The vet noted his temp was low, and he was pale. Blood tests and X rays turned up nothing; at this point the theory at hand was that he’d eaten a string or somesuch – apparently the body doesn’t do well trying to digest something a foot long. The vet, unable to find something certain, but concerned, recommended we take Bo to the emergency clinic.
We did – took him up there, had the vet there check him out, and she quickly came back with a much more serious diagnosis – Bo had very poor circulation in his hind legs and wasn’t able to use them very well. She also looked at the X ray film and noted his heart wasn’t the right shape. The new theory was that his heart was failing, and he’d thrown a clot. If we could keep him healthy for a week or so, a cardiac ultrasound would be the next diagnostic step. Meanwhile, he was kept overnight at the clinic for observation. When I visited him before I left, he’d been given pain medication and IV fluids, and was pulling himself around the cage on his forelegs, his hind legs barely able to help.
We got a call last night around 10 that he’d progressed to full paralysis of the legs, but that his bowels and tail were still working.

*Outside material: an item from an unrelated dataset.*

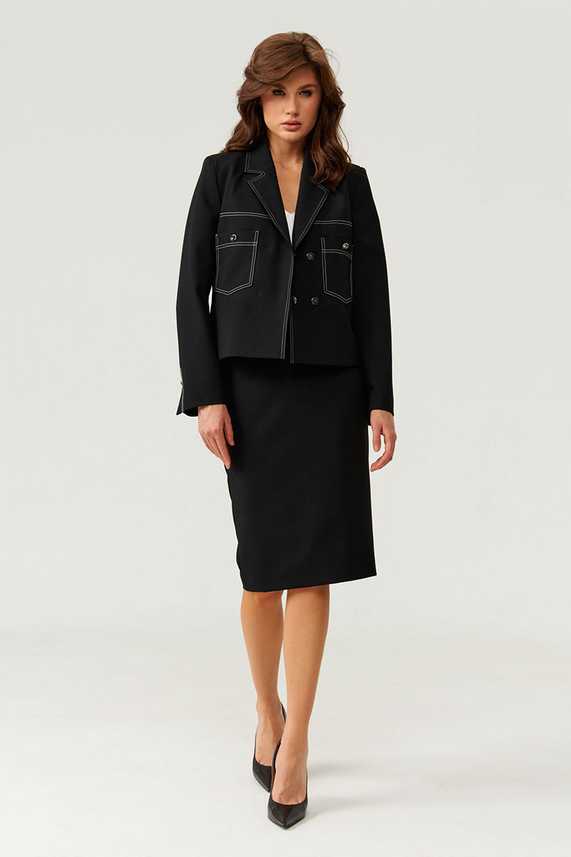 - Состав: ПЭ 65%; вискоза 28%; эластан 7%; подкладка: ПЭ 100%

This morning, nothing had changed, but he wasn’t doing well. The doctor explained that the prognosis really wasn’t all that good – blood thinners for cats don’t work very reliably, she said, and even if they did dissolve the clot, he’d likely be permanently incapacitated, on dangerous blood thinners, and we’d have no knowing when another clot would do more damage. As she explained the increasingly long-shot diagnostic steps, I had the appalling realization that we were losing him. That the cat we’d welcomed into our lives and our hearts was going to die before he’d even been here two years.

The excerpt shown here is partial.